University of Chicago students were no exception. Three main ‘waves’ of student activism occurred during the era, each increasingly radicalized (Martin, 2010: 11). Students’ protest against the University’s racially discriminatory housing policies in January 1962, less than a year after the Freedom Rides, is representative of the first wave. None of the 33 students who occupied President Beadle’s office as part of the demonstration faced disciplinary action. Campus politics at the University escalated into the mid-1960s alongside the anti-war movement. More than 400 students participated in the 1966 anti-draft sit-in, and 120 participated in a second anti-draft demonstration in 1967. The second resulted in the suspension of 58 students, though the administration did not carry out most of the suspensions (University of Chicago Special Collections Research Center, n.d.). In accord with the broader dynamics of the student movement, the third wave of activism at the University was the most dramatic, culminating in the 1969 sit-in or ‘the great nervous breakdown of the University’ (University of Chicago Maroon, 1970c). Over 400 students occupied the Administration Building for 2 weeks in protest of the sociology department’s decision to deny Assistant Professor Marlene Dixon a second-term appointment.

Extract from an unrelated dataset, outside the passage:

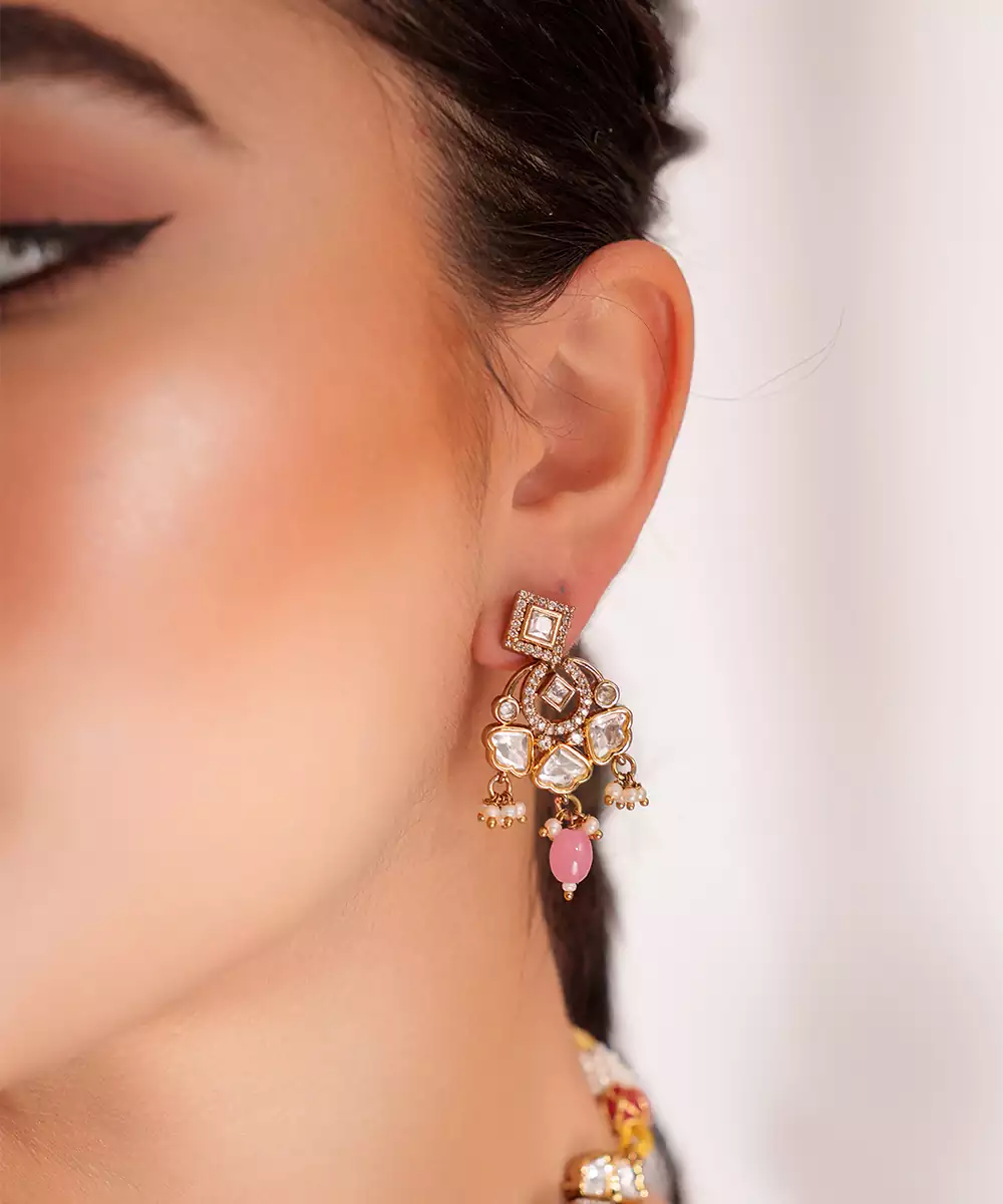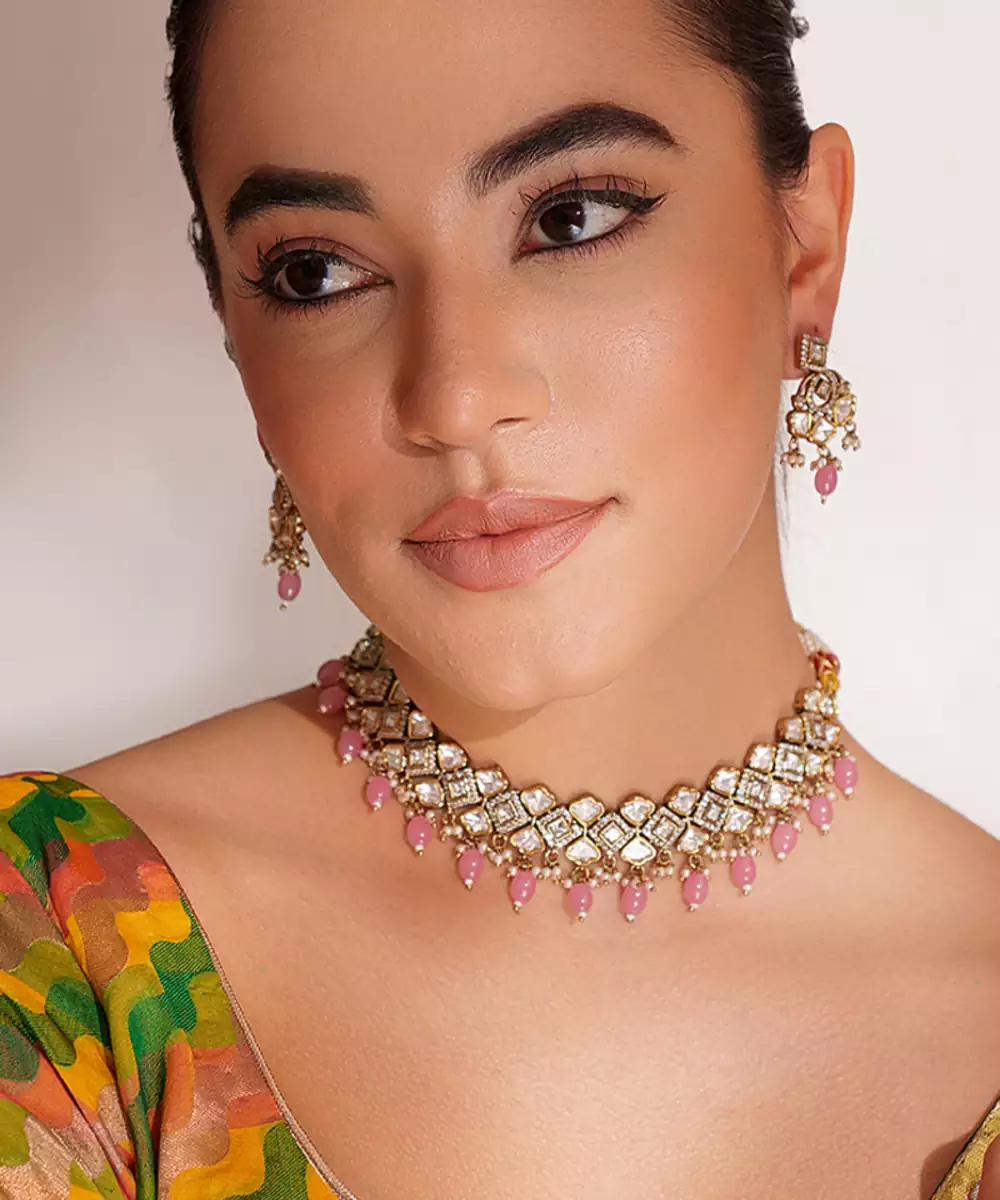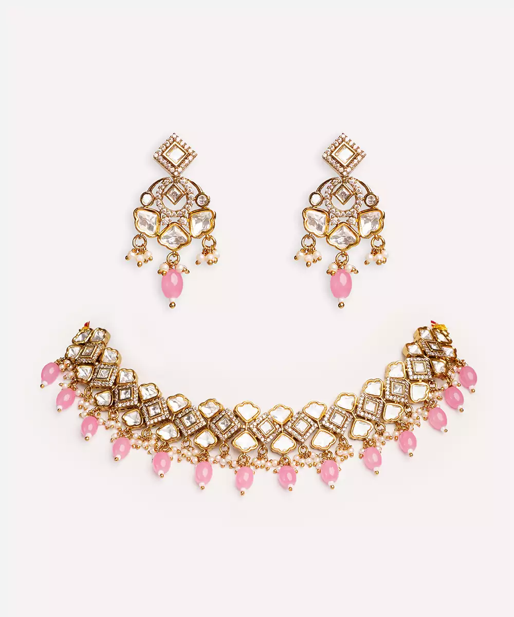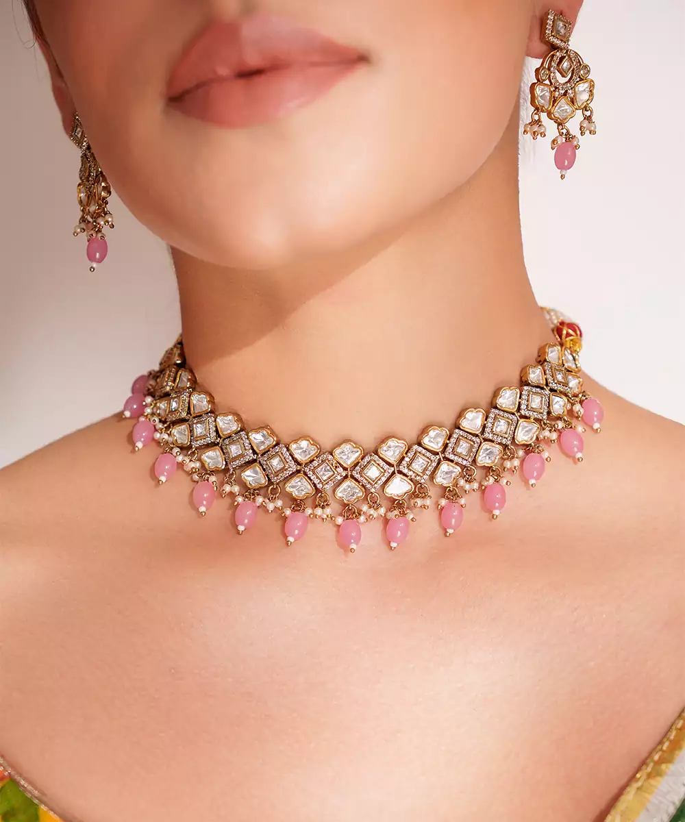 Dramatic Kundan Necklace In Two Tone Finish With Pink Pearls, Paired With Matching Earrings. Perfect To Make A Statement At Any Occasion.

Students suspected that this decision stemmed from Dixon’s ‘leftist politics, radical sociology, emphasis on teaching rather than publication, and her gender’ (University of Chicago Special Collections Research Center, Statement of the Committee of 75, 1968-1975). The 1969 sit-in occurred just 5 months after the 1968 Chicago Democratic Convention, which saw violent anti-war riots orchestrated by Students for a Democratic Society, and 10 months before the Weathermen’s even more violent Chicago Days of Rage. In the sit-in’s aftermath, 42 students were expelled. The inaugural Lascivious Costume Ball took place mere weeks after the first anniversary of the 1969 sit-in, and peace rallies and anti-war strikes continued on campus into the early 1970s (University of Chicago Maroon, 1972a, 1972b).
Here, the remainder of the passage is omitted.